Generally speaking, advancing economic justice is neither cheap nor easy. The Democratic Party has assembled a long list of worthwhile economic reforms — almost all of which, for all their considerable virtues, pose either a significant budgetary cost, or policy-design challenge, or political risk (universal child-care costs money; the federal job guarantee is complicated and untested; and Medicare-for-all is disruptive … and complicated, and costs money).
But Kirsten Gillibrand’s new plan to establish a public option for banking is an exception to the rule: By requiring the post office to provide basic financial services, Gillibrand’s bill would significantly mitigate the economic exploitation of America’s most vulnerable people, punish predatory lenders — and increase federal revenue — all without requiring policy wonks to navigate uncharted territory, or even break a sweat.

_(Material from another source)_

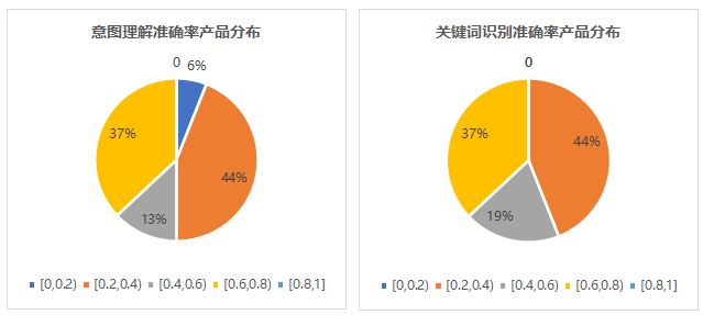 通過圖3中的性能指標產品分布情況可知,多數參評產品意圖理解和關鍵詞識別準確率分布在[0.2,0.4)和[0.6,0.8),反映出參評產品在性能上的兩級分化,建議相關企業及時豐富疫情相關語料并進行產品優化,提升問題解決率。

The stagnation of working-class wages in the U.S. combined with the rising cost of housing, and declining value of welfare benefits have left millions of American families dependent on short-term loans to make ends meet. And payday lenders have mined their financial desperation for hefty profits. A parent with a gap in employment and a hungry child is liable to accept a loan no matter how usurious the interest rate. Thus, the average annualized interest rate on a payday loan is 390 percent. And the average American household that uses alternative forms of credit earns just $25,500 a year — and spends nearly 10 percent of that meager salary on interest and fees, according to a 2011 KPMG study.
But the post office — with its economies of scale, and freedom from avaricious shareholders — could offer America’s working class access to short-term credit at a fraction of the present cost. Under the current system, billions of dollars move from the pockets of the poor into the coffers of payday lenders each year. Postal banking could redirect those funds — saving low-income borrowers billions on fees and interest, while plowing the (non-usurious) interest payments they do still make into the post office’s trust fund. According to a 2014 study by the Postal Service Inspector General, if just 10 percent of the money that working Americans currently spend on high-risk financial products were instead spent on loans from the post office, the agency could offer said loans at 90 percent less than the current market cost — and gain nearly $9 billion in annual revenue in the process.
Thus, postal banking would simultaneously neutralize conservatives’ attempts to immunize payday lenders from federal regulations and to use the Postal Service’s supposed fiscal crisis as an excuse to privatize another core public good.
What’s more, the government could establish near-universal access to a postal banking option without facing any great administrative difficulties, policy-design challenges, or start-up costs: The Postal Service already has 30,000 locations spread across virtually every community in the U.S., and 59 percent of those offices happen to be in “banking deserts” (i.e., Zip Codes that have no more than one bank branch). And the concept is more than proven; at present, only about 7 percent of the world’s national postal systems don’t offer some form of banking services.
Most remarkably, this could all technically be achieved without Congress even lifting a finger. As a self-funded agency, the Postal Service has the authority to pursue revenue-raising schemes on its own volition. But Gillibrand wants Congress to force the Postal Service into the banking business — while easing that transition — by providing it with a mandate and seed money.
And there’s no good reason why it shouldn’t. Postal banking is the kind of policy that is so obviously in the public interest, the fact that it doesn’t already exist discredits our democracy. Or, as the New York senator put it in an interview with HuffPost: “Literally the only person who is going to be against this is somebody who wants to protect payday lender profits.”